His case is unprecedented because in the Church’s two thousand years there have never been proceedings instituted against a Pope or a Council like those that he instituted by explicit acts of accusation, – acts which remained suspended, without response, and without judgement! While awaiting the infallible judgement of the sovereign Judge, this silence, not to say this dereliction of duty, establishes the Abbé de Nantes, our Father and founder of the Little Brothers and Little Sisters of the Sacred Heart, not only as a legitimate member of the faithful and true priest of Jesus Christ, but also a confessor and doctor of the Roman Catholic Faith in our times of apostasy.
He is not dead. He has entered into life, as a small child, in the likeness of Blessed Louis Martin whose “dementia” made little Thérèse say in 1889: « Papa is the Good God’s little child. » For the benefit of those who shared his humiliation, she added: « To spare him great sufferings, the Good God wants us to suffer on his behalf! »

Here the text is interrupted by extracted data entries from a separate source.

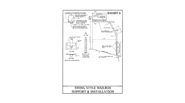 - A mailbox installation or support must meet Federal and State regulations for breakaway standards. Mailbox post must meet the design, as depicted in EXHIBIT A.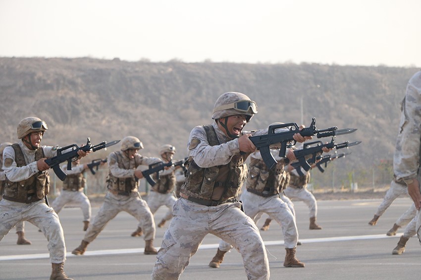 Soldiers display a bayonet charge exercise, combat skills, and other elements of basic military training courses at an activity marking the 96th anniversary of the founding of the Chinese People's Liberation Army (PLA) and the sixth anniversary of the establishment of the PLA Support Base in Djibouti. (Photo/People's Daily Online)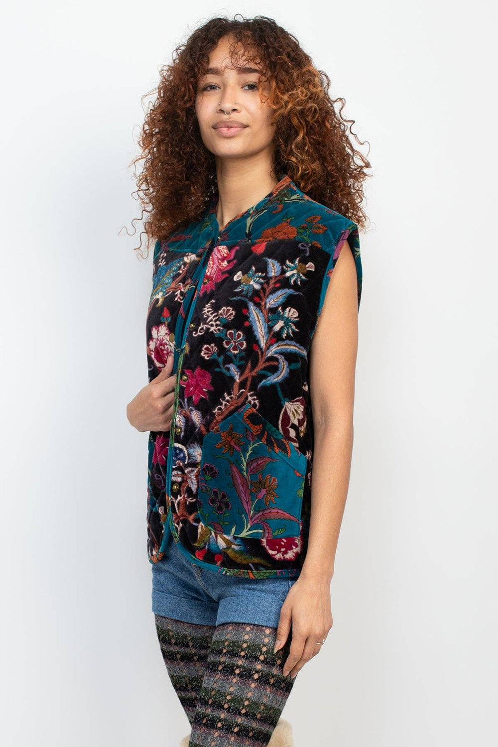 Elevate your layers with our Quilted Velvet Snap Vest, a luxe-meets-boho essential for every season. Crafted from 100% cotton velvet, this vest brings a soft, sophisticated touch to your favorite tops and tees. The quilted design adds cozy texture, while the floral and block print with intricate paisley detailing gives it that one-of-a-kind Elevated Hippie flair.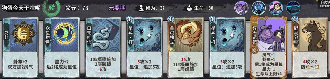 (优选)核心思路是蛇的破绽喂给有高额星力加持的星力牌,打一个先手六动杀。(兑卦二级时七动可放伤害牌,八栋随便补个丹或者什么也不放)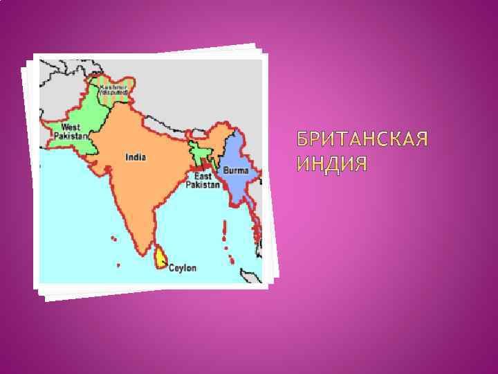 Британская Индия (англ. British Raj) — название британского колониального владения в Южной Азии с 1858 по 1947 годы. Постепенно расширявшаяся территория колонии со временем охватила территории современных Индии, Пакистана, Бангладеш и Мьянмы. Термином Британская Индия обычно называют всю территорию колониального владения, хотя, строго говоря, он относился только к тем частям субконтинента, которые находились под непосредственным британским управлением; помимо этих территорий существовали т. н. «туземные княжества» , формально находившиеся лишь в вассальной зависимости от Короны.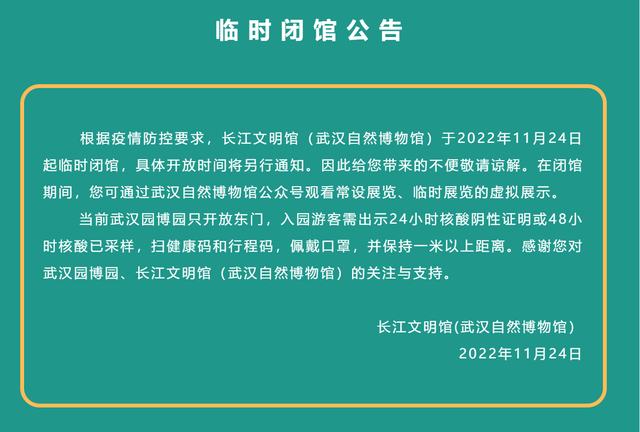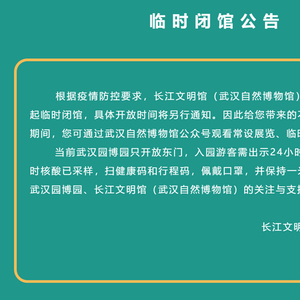 根据疫情防控要求,长江文明馆(武汉自然博物馆)于2022年11月24日起临时闭馆,具体开放时间将另行通知。因此给您带来的不便敬请谅解。在闭馆期间,您可通过武汉自然博物馆公众号观看常设展览、临时展览的虚拟展示。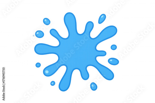 Blue water splash, liquid drop, paint splat, ink blot, or fluid blob creating a dynamic cartoon design element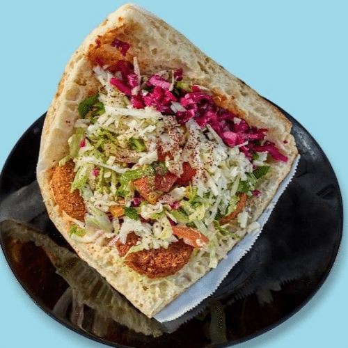 mit Drehspießfleisch, Zwiebeln und Peperoni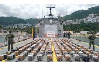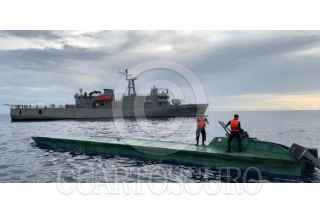 COSTAS DE GUERRERO, GUERRERO, 27JUNIO2025.- En una operación marítima encabezada por elementos de la Secretaría de Marina (Semar) a través de la Armada de México en funciones de Guardia Costera, en coordinación con la Fiscalía General de la República (FGR), Secretaría de la Defensa Nacional (Defensa), Guardia Nacional (GN) y Secretaría de Seguridad y Protección Ciudadana (SSPC), personal naval localizaron y aseguraron una embarcación tipo semisumergible o de bajo perfil, con tres tripulantes en su interior y 180 bultos con un peso aproximado de 3.5 toneladas de presunta cocaína. La carga y embarcación ilícita fueron aseguradas y el personal detenido puestos a disposición del agente del Ministerio Público en la FGR, quien definirá su situación legal. FOTO: SECRETARÍA DE MARINA/CUARTOSCURO.COM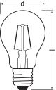 Lampes LED à intensité variable, forme classique. Caractéristiques produit: Lampes LED professionnelles pour tension secteur. Gradable (avec de nombreux gradateurs classiques, voir également ledvance.fr/dim). Ouverture du faisceau : jusqu'à 360°. Durée de vie : jusqu'à 15 000 h. Lampe en verre. Bonne qualité de la lumière ; indice de rendu des couleurs Ra: ≥ 80; chromaticité constante. Avantages produits: Lampes avec technologie de « filament » LED innovante. Très faible consommation d’énergie. Pas d'émission d'UV ni d'IR dans le faisceau lumineux. Allumage instantané. Peut remplacer facilement les lampes standard. Puissance thermique plus faible (par rapport au produit de référence standard). Conception, dimensions, flux lumineux comparables à une lampe halogène. Domaines d'application: Idéal pour les installations décoratives. Applications domestiques. Éclairage général. Utilisation en extérieur uniquement dans des luminaires d'extérieur appropriés.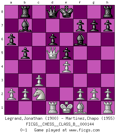 Last move : 0-1 2011 July 8 17:39:59 [Event "FICGS__CHESS__CLASS_B__000144"] [Site "FICGS"] [Date "2011.04.13"] [Round "1"] [White "Legrand,Jonathan"] [Black "Martinez,Chapo"] [Result "0-1"] [WhiteElo "1900"] [BlackElo "1955"] 1.e4 c5 2.Nf3 Nc6 3.d4 cxd4 4.Nxd4 Nf6 5.Nc3 e5 6.Ndb5 d6 7.Bg5 a6 8.Na3 b5 9.Nd5 Be7 10.Bxf6 Bxf6 11.c3 Ne7 12.Nc2 Nxd5 13.Qxd5 Rb8 14.Rd1 Bb7 0-1 This chess game has been lost on time (started : 2011.04.13 10:36:59) Sicilian : Pelikan (Lasker/Sveshnikov) variation Player Black won this chess game. Follow this game move after move (download)It began to feel as though you were playing against Chess itself. - On playing against Robert Fischer. (Walter Shipman) Schach ist ein Teil der Kultur, und wenn es mit der Kultur abwärts geht, geht es auch mit dem Schach abwärts. (Mikhail Moiseyevich Botvinik) El Ajedrez es un expediente tonto que hace creer a la gente inactiva que hacen una cosa muy astuta cuando solamente estan perdiendo su tiempo. (George Bernard Shaw) Que feriez-vous si vous étiez en train de jouer aux échecs et que la fin du monde arrive ? Je continuerais à jouer. (Saint Borromée) I would love to change the world, but they won't give me the source code. (Unknown)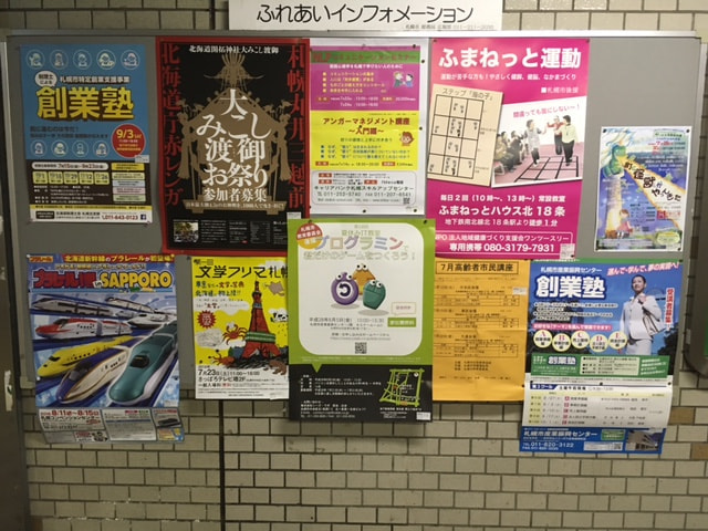 先日、夏休みIT教室のポスターを、さっぽろ市営地下鉄の主要駅に掲示させて頂くことになった旨をお知らせしましたが、7/19より以下の駅の「ふれあいインフォメーション掲示版」で見ることが出来ますよ!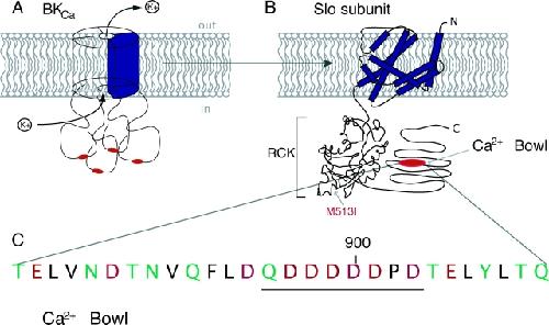 Figure 1. . General topology of the BKCa channel. (A) Diagram of the fourfold-symmetric BKCa channel, composed of four “slo” subunits. (B) Putative topology of a single subunit. Apparent is the integral-membrane domain (based loosely on the recent structure of the KvAP channel; Jiang et al., 2003) and the intracellular domain. In the latter are indicated the RCK domain, whose representation was modeled after the structure of the MthK channel's RCK domain (Jiang et al., 2002), and the Ca2+ bowl, whose structure is unknown. (C) Amino acid sequence of the Ca2+ bowl. Residues with acidic side chains are indicated in red. Other oxygen-containing side chains are indicated in green. Side chains without oxygen are indicated in black.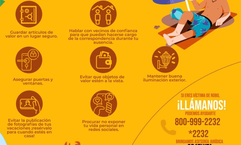 De ahí que FICOSEC por medio de su Línea Ciudadana *2232 promueva la denuncia ciudadana ante cualquier incidente durante la temporada vacacional, las familias eviten ser víctimas de robo a casa habitación u otros delitos, recomendando: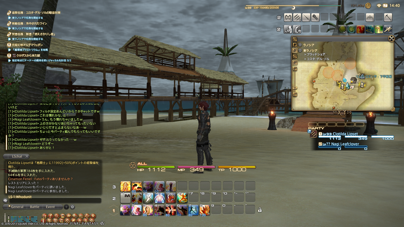 パーティリストや体力ゲージなど、デフォルトだと画面の4隅バラバラに配置されていた必要な情報を、なるべく視線を動かさなくてすむよう下側へまとめてみました。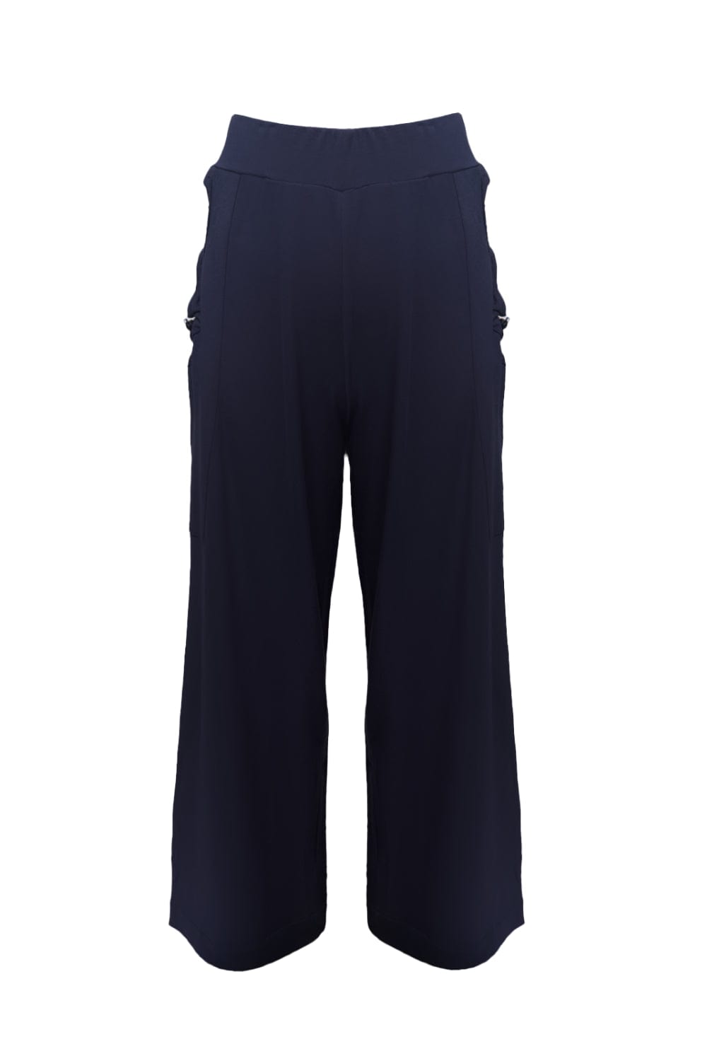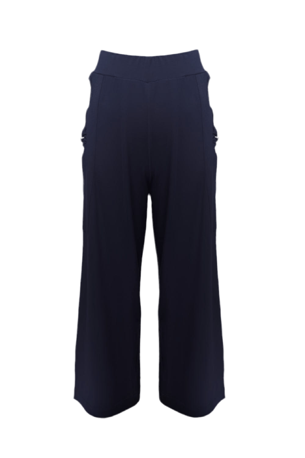 Viviane Furrier - Calça Reta com Bolsos em Malha Azul Marinho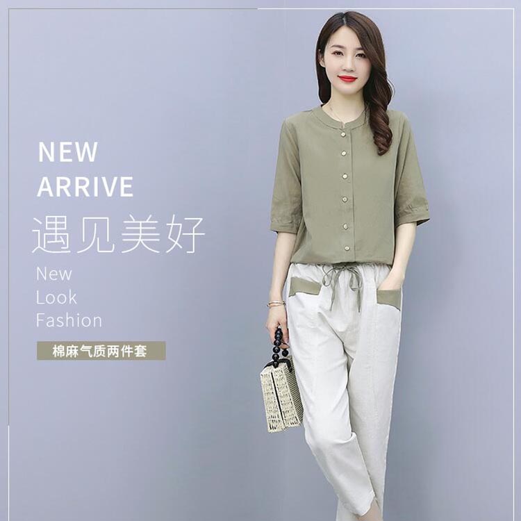 休闲裤女棉麻女装套装女2021夏季新款优雅洋气时尚气质修身小个子亚麻两件套

In 1894, to her sister Léonie, she wrote: « Papa’s death did not give me the impression of a death, but of a veritable life. I find him again after six years of absence (!), I sense him around me, watching over me and protecting me. »
Dear brothers and sisters, friends from the Phalange, are we not even more united now that we look to Heaven to discover there a Father, not forgetting Mother Marie-Noël, and Brother Hugues and his parents and grandparents, in short, the whole Phalange of the Immaculate that we will soon re-form there around him, our beloved Father, as we form it already here below in the Immaculate Heart of Mary, for life is so short! Then we will be united, no longer to be separated, and we will be happy to have fought as good and faithful servants so that when the Son of Man returns He may still find faith on the earth… Amen!